GIVEN RECORDS ▸

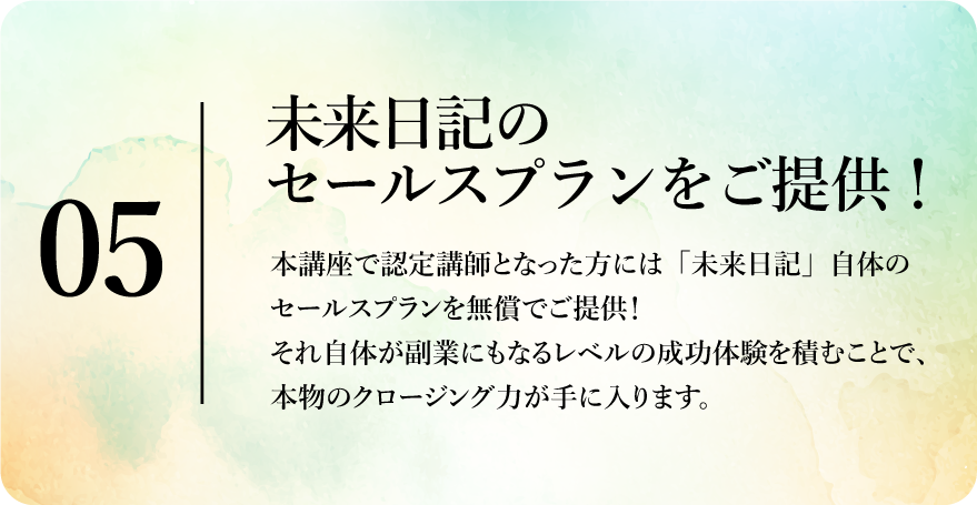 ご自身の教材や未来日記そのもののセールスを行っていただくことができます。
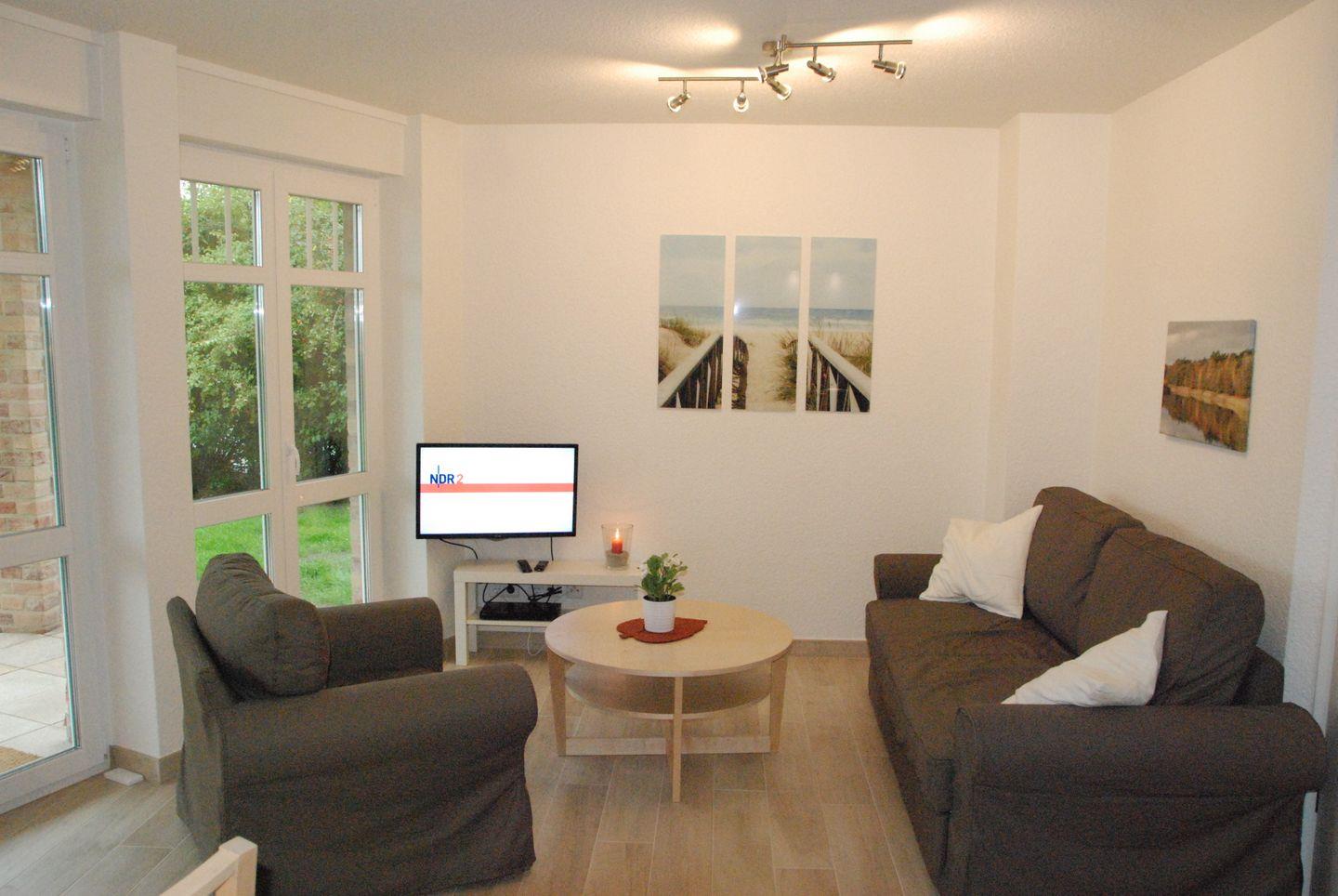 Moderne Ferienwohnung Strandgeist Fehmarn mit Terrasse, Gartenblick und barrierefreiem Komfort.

...

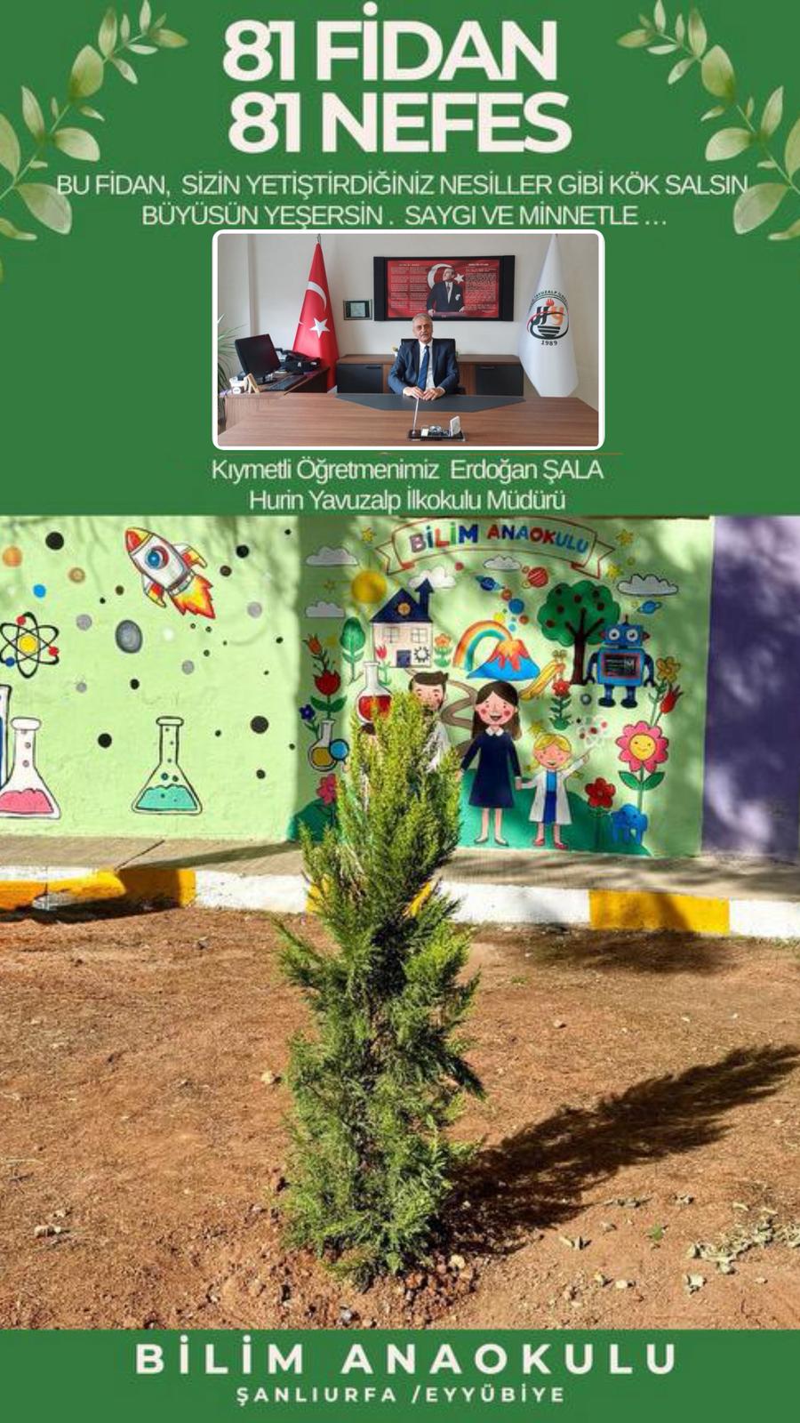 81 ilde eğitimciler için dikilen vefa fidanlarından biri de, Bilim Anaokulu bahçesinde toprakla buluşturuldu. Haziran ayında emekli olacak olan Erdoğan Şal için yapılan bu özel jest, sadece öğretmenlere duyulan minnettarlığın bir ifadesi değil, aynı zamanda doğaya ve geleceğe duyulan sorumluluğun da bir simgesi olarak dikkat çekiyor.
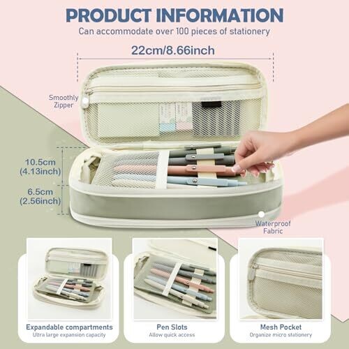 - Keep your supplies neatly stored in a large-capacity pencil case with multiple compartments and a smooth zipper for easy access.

==

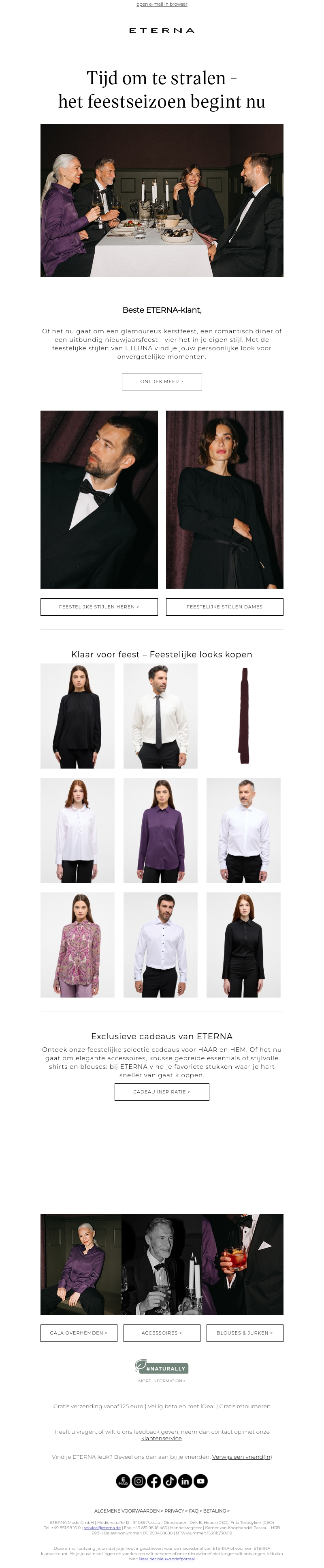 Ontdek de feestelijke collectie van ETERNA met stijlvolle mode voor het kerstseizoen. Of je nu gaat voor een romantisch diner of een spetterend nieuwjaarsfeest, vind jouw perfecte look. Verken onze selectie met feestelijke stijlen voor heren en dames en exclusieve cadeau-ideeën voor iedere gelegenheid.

WHAT THE EXERCISE ASKS ▸
From the records above, transcribe only the stretch from the line with "81 ilde eğitimciler" through the line with "- Keep your", keeping both ends. Omit pictures.

RESPONSE TO THIS EXERCISE ▸
 81 ilde eğitimciler için dikilen vefa fidanlarından biri de, Bilim Anaokulu bahçesinde toprakla buluşturuldu. Haziran ayında emekli olacak olan Erdoğan Şal için yapılan bu özel jest, sadece öğretmenlere duyulan minnettarlığın bir ifadesi değil, aynı zamanda doğaya ve geleceğe duyulan sorumluluğun da bir simgesi olarak dikkat çekiyor.
 - Keep your supplies neatly stored in a large-capacity pencil case with multiple compartments and a smooth zipper for easy access.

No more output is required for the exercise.